Employment Law Update
Welcome to our monthly Employment Law Update – helping you stay on track and compliant!
This month, we look at what’s new with: the 48 hour working week opt-out; statutory Maternity Leave; discretionary bonuses and more...
UK to lose 48 Hour Opt-Out
The European Parliament has voted against the UK's opt-out from the 48 hour maximum working week. This would mean that employees will no longer able to work more than 48 hours per week (over a 17 week period). To adhere with this, the Working Time Regulations may now have to be amnended, but do note that the opt-out will stay in place until 2012.
Further rounds of negotiations are to be held with the EU employment ministers, but the Government is being encouraged by employers and the Confederation of British Industry's (CBI) to pull out all stops to retain the opt-out.
These amendments would ban people from choosing to work more than 48 hours per week, and should be rejected by MEPs. Nobody should be made to work more than 48 hours per week. But many people want to work longer hours, and at the moment they have the right to opt out of the maximum working week. We think that people can make this decision for themselves, and don’t need MEPs to make it for them.John Cridland, CBI Deputy Director-General
Disability Discrimination & Reasonable Adjustments
The following case takes a look at when an employer may be exempt from the duty to make reasonable adjustments for disability.

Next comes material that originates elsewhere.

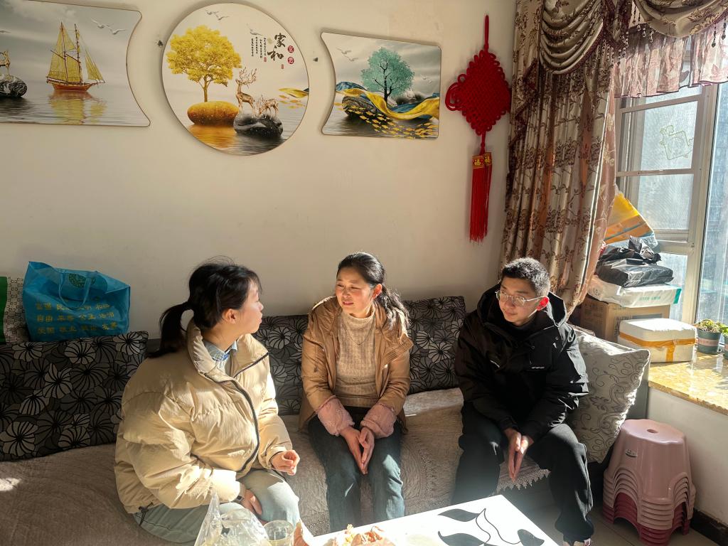 “家里的收入来源主要靠啥?”“家里现在遇到了什么困难?”在小陈同学家中,本科2024级辅导员谢诗雪详细询问学生的家庭状况,倾听学生的成长故事。了解到小陈是单亲家庭,家里有多位老人患病需赡养,仅靠低保和母亲打零工维持家用。谢诗雪向家长详细介绍国家和学校在社会资助、勤工俭学、奖学金等方面的政策,反馈了学生在校学习生活表现,还为学生家庭带去了精心准备的慰问礼物,传递学校对他们的关爱和期许。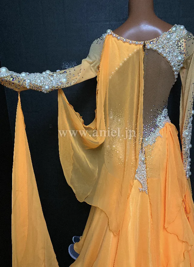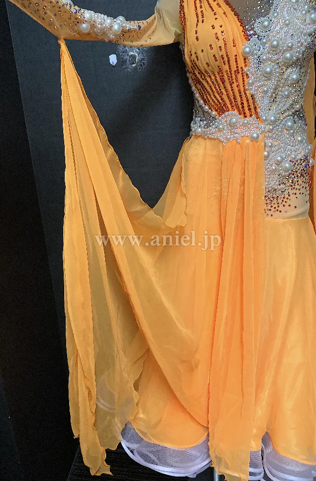 明るいオレンジカラーに大粒パール、ストーンの装飾が華やかで豪華なデザイン。

The candidate, who was being interviewed for a new post at a PCT, claimed that reasonable adjustments were not made for dyslexia at the time of her interview. The Employment Tribunal agreed with the candidate, but the PCT later appealed and was successful in doing so - as the case was remitted to another Tribunal to be re-considered.

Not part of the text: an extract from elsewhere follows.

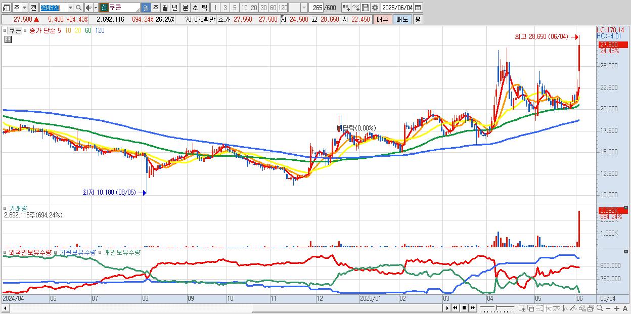 - 쿠콘 (27,500원 ▲ 24.43% , 시총: 2,820억, 거래량: 2,692,116, 거래대금:709억, KOSDAQ)

The PCT argued that under the Disability Discrimination Act 1995, the duty to make reasonable adjustments does not occur when the employer is not aware and could not be expected to be aware that the person has a disability and is likely to be at a disadvantage.
The EAT stated that for this defence to be accepted, an employer must be able to show:
- they did not know that the disabled person had a disability;
- they did not know that the disabled person was likely to be at a substantial disadvantage compared with persons who are not disabled;
- it could not reasonably be expected to know that the disabled person had a disability; and
- it could not reasonably be expected to know that the disabled person is likely to be placed at a substantial disadvantage in comparison with persons who are not disabled.

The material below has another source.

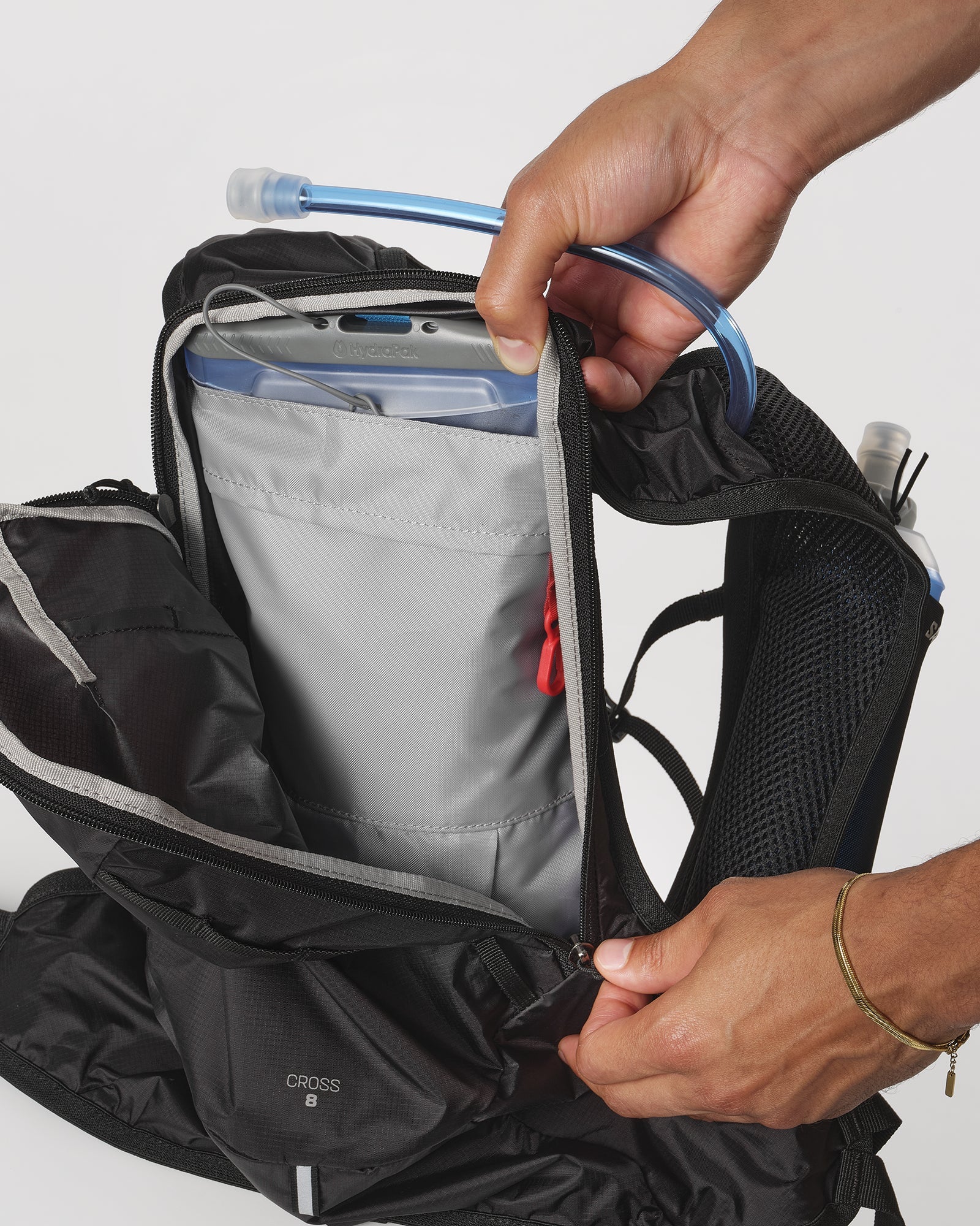Inspired by our iconic trail running packs, the CROSS 8 is ideal for carrying all your essentials when you run ¨C as well as hike, bike and explore. To feel light and fast without being weighed down. This vest alternative combines stability, intuitive adjustments and lightweight comfort. Ready for adventure.

Delay in plans to extend statutory Maternity Leave
Plans to extend statutory maternity pay to 52 weeks and to introduce an entitlement to up to 26 weeks’ paternity leave (at which part would be paid) have been delayed. The Government had originally planned to have this in place by 2010, but now there is talk that the change could be delayed for an indefinite period.
And Finally... Discretionary Bonuses
A warehouseman claimed for unlawful deductions from wages as performance-related bonuses had not been paid. The case lost at the employment tribunal stage, so the employee decided to appeal to the Employment Appeal Tribunal (EAT) and was successful.
The employer had described the bonuses as “discretionary” in the Staff Handbook, and added “they are not intended to be contractual”. The EAT concluded that it’s that straightforward as the employee may think, because some “discretionary” could be referring to:
- the provision of an overarching bonus scheme;
- a decision each year to operate a bonus scheme;
- the method of calculation of bonus;
- the threshold which triggers a bonus or;
- whether a percentage of salary (and if so, what percentage) will be paid.
The EAT also pointed out that the bonus has been regularly paid over many years and decided that this could mean a contractual entitlement developed over time.
Remember... in all cases where the employer has the right to exercise its discretion, it must act reasonably and in good faith.